Enteignungen sind nach Haitis Verfassung von 1987 legal, aber was legal ist, muss nicht auch moralisch richtig oder effektiv sein. Mangel an sicheren Eigentumsrechten kann zu andauernder, wirtschaftlicher Stagnation führen. Ohne wirtschaftliche Freiheit haben Haitianer keine Planungssicherheit und leben von einem Tag auf den anderen. Mangel an Planungssicherheit verhindert langfristige Investments und somit auch Wachstum und Entwicklung.
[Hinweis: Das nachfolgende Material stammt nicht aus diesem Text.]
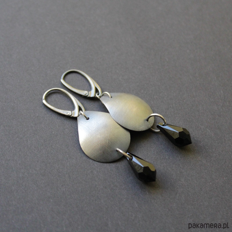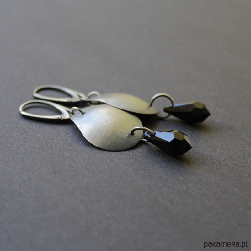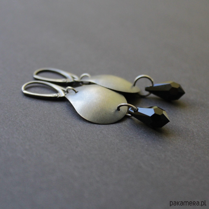 Kolczyki wykonane całkowicie z ręcznie oksydowanego i polerowanego srebra 925.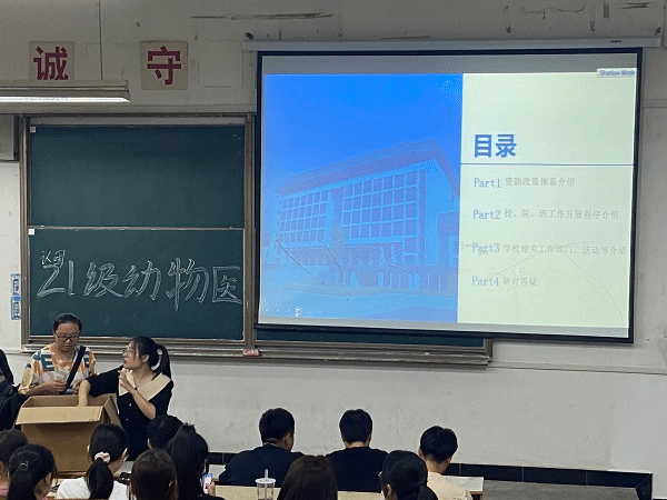 为使新生对校资助政策体系有系统而全面的了解,9月17日下午,动物科学学院于求a105教室召开“资助政策,伴我成长,助我成才”主题班会,班会由辅导员胡文丽主讲。

Ich schlage nicht vor, dass die Regierung von Haiti untätig sein sollte, während die Haitianer unter wirtschaftlichen Härten leiden. Die haitianische Regierung sollte allerdings die Eigentumsrechte ihrer Bürger respektieren, sie verteidigen und nicht gegen grundlegende Menschenrechte verstoßen. Dezentrales Wissen, gute Institutionen und das Unternehmertum Einzelner werden für Fortschritt sorgen. Die Staatsgewalt mag zwar in der Lage sein, kurzfristig Ziele zu erreichen – langfristiger Fortschritt jedoch ist für Haiti nur durch wirtschaftliche Freiheit möglich.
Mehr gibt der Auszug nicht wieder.